Your instructions: Beginning with the line where "专题书籍展以党史类、军史类,中国特色社会" appears, set down each line exactly until the records below end, and omit the pictures.

*** Opening Available data ***

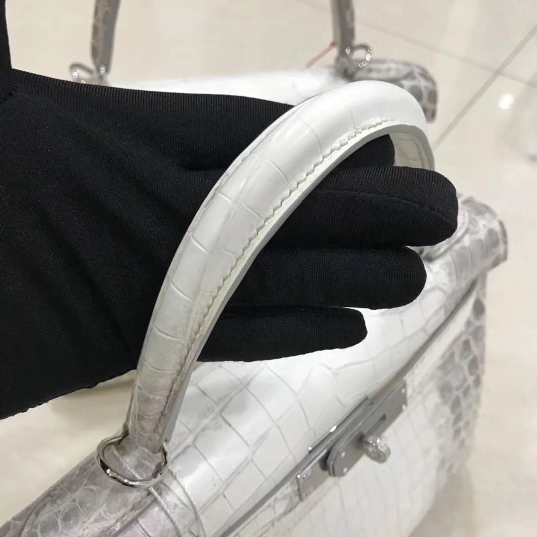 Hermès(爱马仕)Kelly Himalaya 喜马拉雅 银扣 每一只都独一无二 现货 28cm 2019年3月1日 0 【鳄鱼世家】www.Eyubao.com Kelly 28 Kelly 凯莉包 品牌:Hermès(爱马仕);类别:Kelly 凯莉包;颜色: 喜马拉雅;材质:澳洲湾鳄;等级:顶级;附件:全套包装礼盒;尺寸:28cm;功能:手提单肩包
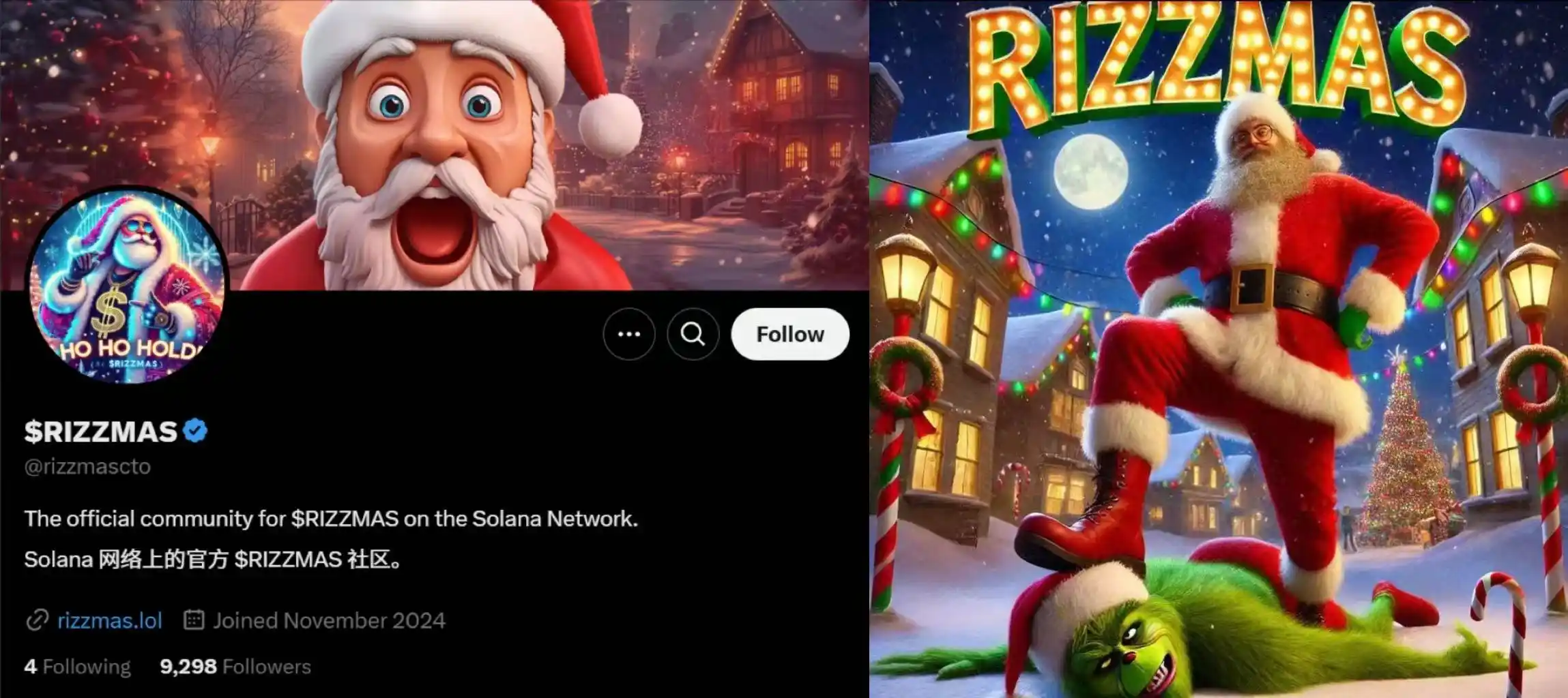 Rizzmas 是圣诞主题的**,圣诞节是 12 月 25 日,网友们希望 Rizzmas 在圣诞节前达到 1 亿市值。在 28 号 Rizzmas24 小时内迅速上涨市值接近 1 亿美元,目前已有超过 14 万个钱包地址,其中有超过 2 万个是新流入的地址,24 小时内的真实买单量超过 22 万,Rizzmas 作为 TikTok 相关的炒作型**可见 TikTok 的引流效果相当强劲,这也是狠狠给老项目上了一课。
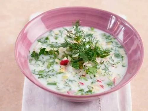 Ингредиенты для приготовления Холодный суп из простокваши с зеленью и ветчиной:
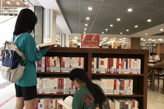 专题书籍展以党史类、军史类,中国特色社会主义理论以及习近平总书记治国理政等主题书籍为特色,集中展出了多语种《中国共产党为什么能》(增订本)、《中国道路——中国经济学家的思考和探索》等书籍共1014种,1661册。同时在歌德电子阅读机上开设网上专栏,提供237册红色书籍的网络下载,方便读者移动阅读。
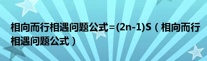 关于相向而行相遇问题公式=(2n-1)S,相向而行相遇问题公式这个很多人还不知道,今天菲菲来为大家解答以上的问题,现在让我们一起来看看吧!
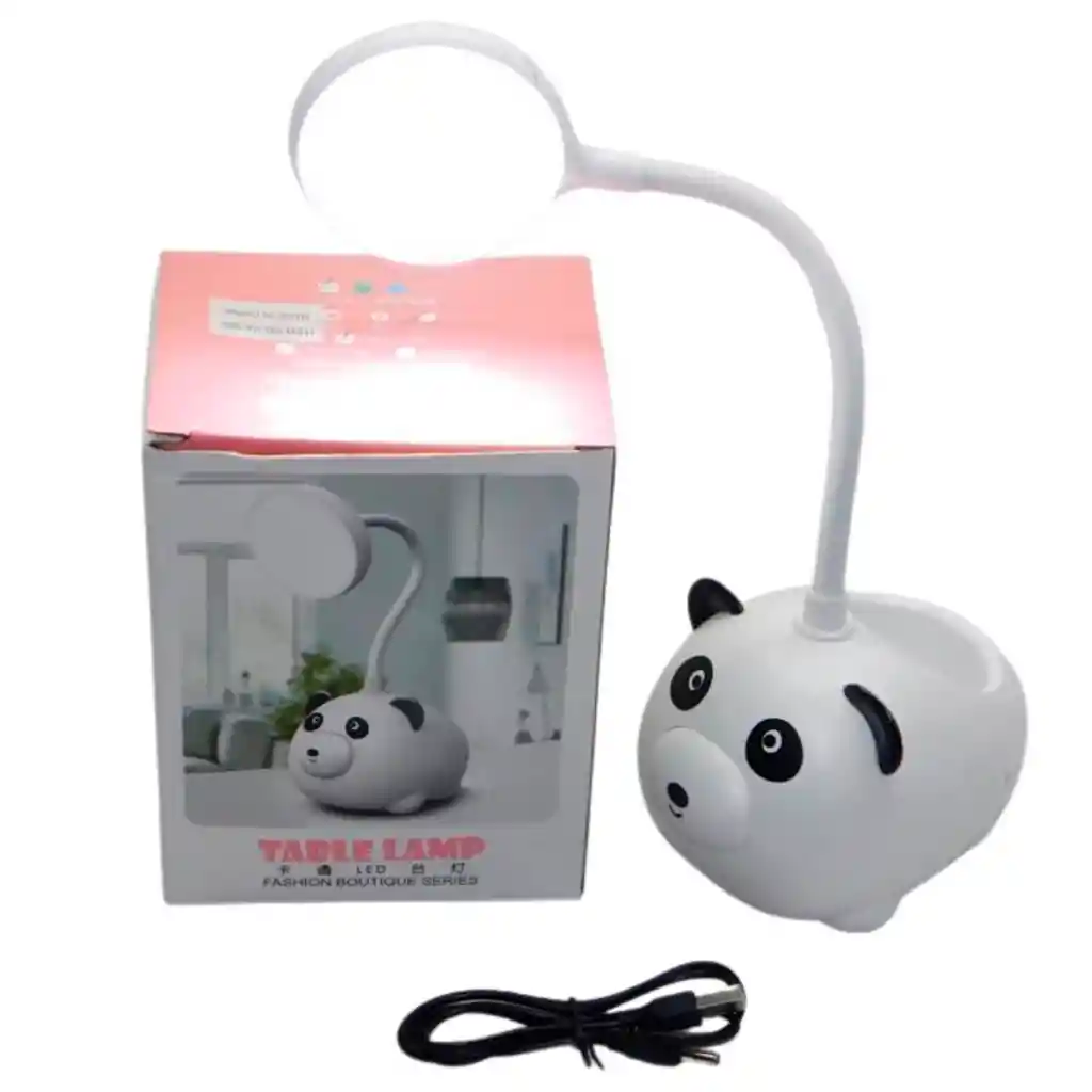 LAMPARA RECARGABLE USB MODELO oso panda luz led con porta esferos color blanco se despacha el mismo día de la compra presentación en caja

*** Closing Available data ***

Reply:
 专题书籍展以党史类、军史类,中国特色社会主义理论以及习近平总书记治国理政等主题书籍为特色,集中展出了多语种《中国共产党为什么能》(增订本)、《中国道路——中国经济学家的思考和探索》等书籍共1014种,1661册。同时在歌德电子阅读机上开设网上专栏,提供237册红色书籍的网络下载,方便读者移动阅读。
 关于相向而行相遇问题公式=(2n-1)S,相向而行相遇问题公式这个很多人还不知道,今天菲菲来为大家解答以上的问题,现在让我们一起来看看吧!
 LAMPARA RECARGABLE USB MODELO oso panda luz led con porta esferos color blanco se despacha el mismo día de la compra presentación en caja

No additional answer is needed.